# Hmmm a cheap sump idea



## AquaNeko (Jul 26, 2009)

http://toronto.en.craigslist.ca/tor/grd/1477890192.html

Just found this on Craigslist

$20 for 55gal.  

Cheapest (I think) high volume unit to be used as a sump. Pack it up with biomass in 1-3 drums and I don't think you'll ever have any ammonia/nitrite problems ever.  Just an idea.


----------



## bigfishy (Jun 19, 2009)

store for cheap gasoline!


----------



## tom g (Jul 8, 2009)

great for placing under a dock or anything in the water


----------



## AquaNeko (Jul 26, 2009)

bigfishy said:


> store for cheap gasoline!


Uh.. black metal drums are for petrol and are designed to handle the petrol. Blue and white plastic drums are known for being used for industrial food storing of say pickles and such. By cleaning out the plastic drum with bleach and vineger it is useable for a sump. Generally anything food grade is safe for use after it's cleaned up.

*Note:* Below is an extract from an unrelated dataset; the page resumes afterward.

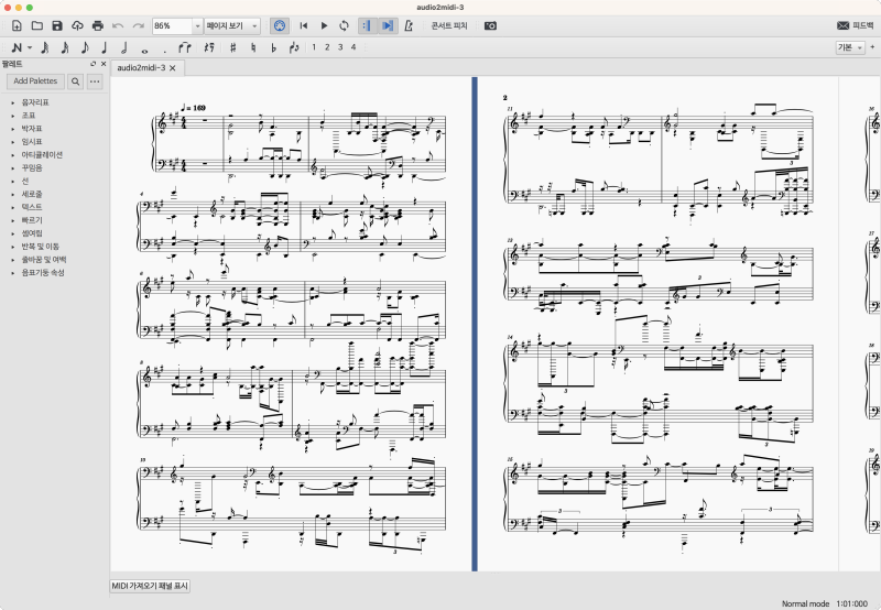 작업이 완료되기까지는 1분 정도의 시간이 걸리며, 변환이 완료되면 Download MIDI 단추를 눌러서 미디 파일을 컴퓨터에 저장하면 됩니다👍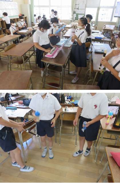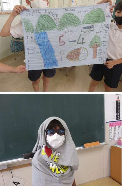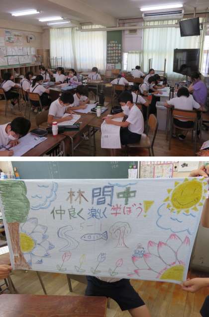 夏休みの宿題に取り組んだり、キャンプファイヤーの出し物を練習したり、学級の旗を作ったり・・

Thus why 55 plastic drums are used for aquaponics and if you check the backs of some fish stores you'll see blue 55 drums because any food grade is safe for humans and if it's safe for humans it's safe for fish as well. BigAl's NY has IIRC 2-3 55 gal drums in the back room.

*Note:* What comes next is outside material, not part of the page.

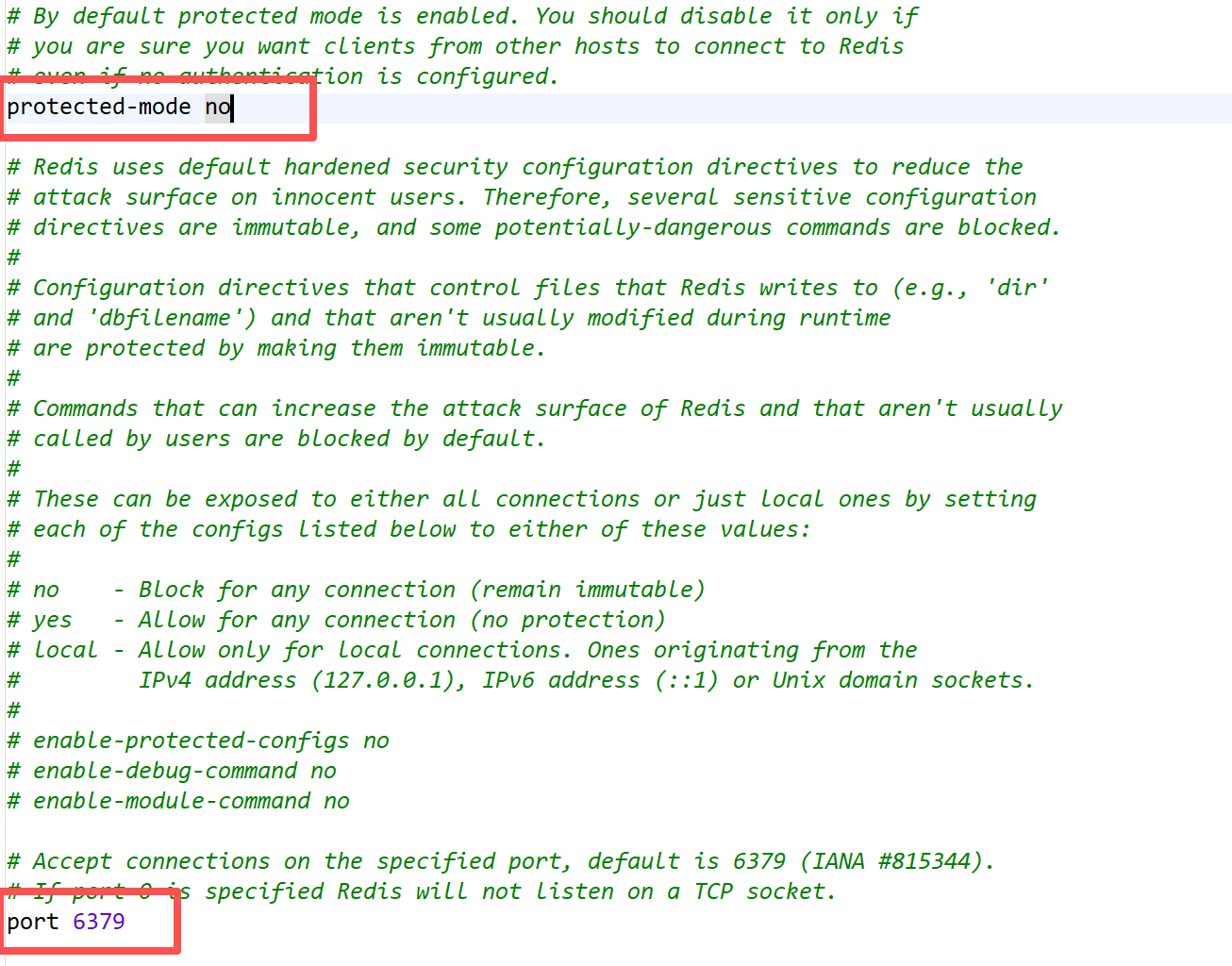 将protected-mode设置为no,避免因未配置密码或非本地连接导致拒绝访问。

Normally the cheaper the drums means you need a little cleaning in them. New 55 drums is like $65-70 IIRC.


----------



## PPulcher (Nov 17, 2006)

Those would also be great for water storage if you wanted to age/pretreat your aquarium water.


----------



## gucci17 (Oct 11, 2007)

It's kind of a b*tch to cut the top open though.
I use one of these to age my water. I also bought this caster set attached to a round frame from Princess Auto to help me move it around.


----------



## PPulcher (Nov 17, 2006)

gucci17 said:


> It's kind of a b*tch to cut the top open though.
> I use one of these to age my water. I also bought this caster set attached to a round frame from Princess Auto to help me move it around.

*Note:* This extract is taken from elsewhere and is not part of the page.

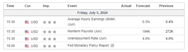 The market is also closely watching today’s NFP report. A soft NFP would likely exert further downside pressure on the dollar, heightening speculation of a Fed rate cut. With Wall Street on pause due to the U.S. public holiday, global equities continued to edge higher, reflecting improved risk appetite. In the commodity market, gold prices are at their highest level in two weeks, while oil prices are buoyed by Hurricane Beryl, which is affecting production in the Gulf of Mexico and constraining oil supplies.

What diameter are the bungholes in these things? Big enough to fit a Mag pump inide? Good call on the caster set!


----------



## Ciddian (Mar 15, 2006)

Bungholes.. LOL

Those are awesome to have around... Great for docks for sure tom!


----------



## AquaNeko (Jul 26, 2009)

gucci17 said:


> It's kind of a b*tch to cut the top open though.
> I use one of these to age my water. I also bought this caster set attached to a round frame from Princess Auto to help me move it around.


I have heard of people using a circular saw or bandsaw it.


----------



## AquaNeko (Jul 26, 2009)

*Found some in Brampton in white*

http://toronto.en.craigslist.ca/bra/grd/1484208504.html

$10 in brampton.


----------



## ryno1974 (Dec 6, 2009)

For what its worth if you can find someone who works at a meat plant, or a beverage plant you can probobly get your hands on one for free. I work at a meat plant, and $20 is too much. Dont pay that much for one. Most places will baically give them away to staff because the disposal is a liability to them. They would rathr give them away than pay to dispose of them.

Just my thoughts!


----------